A short update from Pelagios WP1: WP 1 is about assembling the data infrastructure behind our project. To some extent this builds directly on the Graph Explorer – our proof-of-concept visualization interface from Pelagios 1. But, while we were able to reuse the things we’ve learned from the first stage of the project, we’ve also come to realize how the things we had previously implemented – features, data model, speed and scalability – have already been surpassed. WP 1 therefore starts off with a complete reappraisal and re-write of the central functionality. Details follow below, along with a rough outline of what’s been done so far and what the next steps will be.

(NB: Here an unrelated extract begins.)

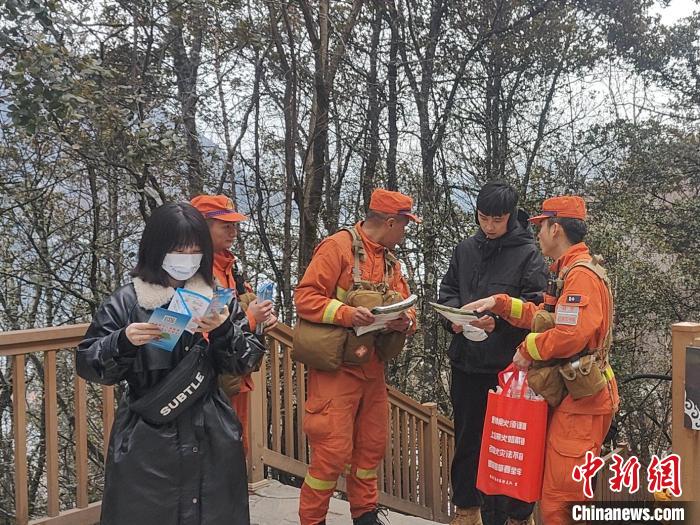 “叔叔您好,您在遊玩過程中一定要注意安全用火,如發現火情,請在確保自身安全的前提下撥打12119報警電話……”森林消防指戰員在人流密集的景區設立執勤點,向來往遊客發放防火常識宣傳(chuan) 手冊(ce) ,麵對麵地科普森林防火常識,嚴(yan) 格管控野外火源、及時排除火險隱患。
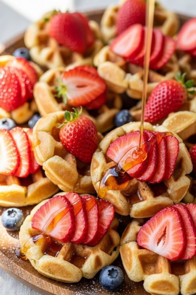 Offer mini waffles topped with fresh strawberries and a light drizzle of syrup.

Given the need in Pelagios 1 to get a demonstration up and running quickly, the Graph Explorer ended up being rather a bit of a monolith. Key goal of the re-write has been, therefore, to introduce a better modularization of the codebase, and to consolidate the core functionality into one software library that can be more easily re-used elsewhere. We’re still working on finalizing and testing this library as partners deliver updates to their data, but the essentials are finished. There’s a convenient programming API to work with Pelagios’s core model primitives – Datasets, GeoAnnotations and Places – in your own software. Bindings to store Pelagios data in a graph database are included, but without the hard-wired dependency that existed in the Graph Explorer. In this regard the Tinkerpop graph database abstraction framework has greatly helped to achieve good decoupling between data model and implementation classes, reduce code size by eliminating the need for much of the boilerplate code, and keep things generic: i.e. the bindings should be re-usable for a variety of graph database brands now (although some of the more advanced I/O and query functionality remains specific to Neo4j – our DB of choice for Pelagios).
Less Speed, More Memory Consumption
Or was this the other way round? Regarding our toolset to read Pelagios data into the system, we switched our underlying RDF parser from Jena to the OpenRDF Rio parser framework. This allows us to more directly hook into the RDF parsing lifecycle, and avoids the need to construct full RDF graphs in memory before we can actually work with the data. As a result, parsing is now faster and less memory intensive. (Credit goes to Arachne for letting us learn the hard way that datasets can be… LARGE.)
Getting our Feet Wet with Scala
As with Pelagios 1, the technological basis for our server-side components is still the Java Virtual Machine. This time, however, we chose to go with Scala:
- Scala’s syntax is, in general, more compact than that of Java.
- Scala’s functional aspects and comprehensive features for dealing with collections and lists are a very good fit with the things we frequently do when handling Pelagios data. Scala almost always eliminates the need for iterations and loops in those cases, and often achieves the same result with a single line of code.
- Pattern matching has been another nice feature to make our parser classes (in particular) much more concise.
- Last but not least: someone once suggested that as a developer, you should learn at least one new programming language every year. Although I find that advice a little fierce, new languages definitely encourage you to think about the same problems in different ways!
With our core library in place, we are now almost ready to replace the old Graph Explorer. While we are busy wrapping an HTTP frontend around our core library, our partners are already starting to make the most of our all-new, third Pelagios Principle: “Expose metadata about your dataset using the VoID vocabulary“. But that’s for another post!